▶ _DATASET ENTRIES_:

+++

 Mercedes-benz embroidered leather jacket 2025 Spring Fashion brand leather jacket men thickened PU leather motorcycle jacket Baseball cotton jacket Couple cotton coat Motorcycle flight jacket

+++

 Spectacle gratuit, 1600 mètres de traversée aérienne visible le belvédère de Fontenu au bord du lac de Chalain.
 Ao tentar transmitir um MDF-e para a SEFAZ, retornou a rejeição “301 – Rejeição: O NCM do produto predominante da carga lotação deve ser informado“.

+++

▶ _EXERCISE REQUIREMENTS_:
From the listing above, output exactly the run of lines that starts with the line containing "Spectacle gratuit, 1600" and ends with the line containing "Ao tentar transmitir".

▶ _ANSWER SPACE_:
 Spectacle gratuit, 1600 mètres de traversée aérienne visible le belvédère de Fontenu au bord du lac de Chalain.
 Ao tentar transmitir um MDF-e para a SEFAZ, retornou a rejeição “301 – Rejeição: O NCM do produto predominante da carga lotação deve ser informado“.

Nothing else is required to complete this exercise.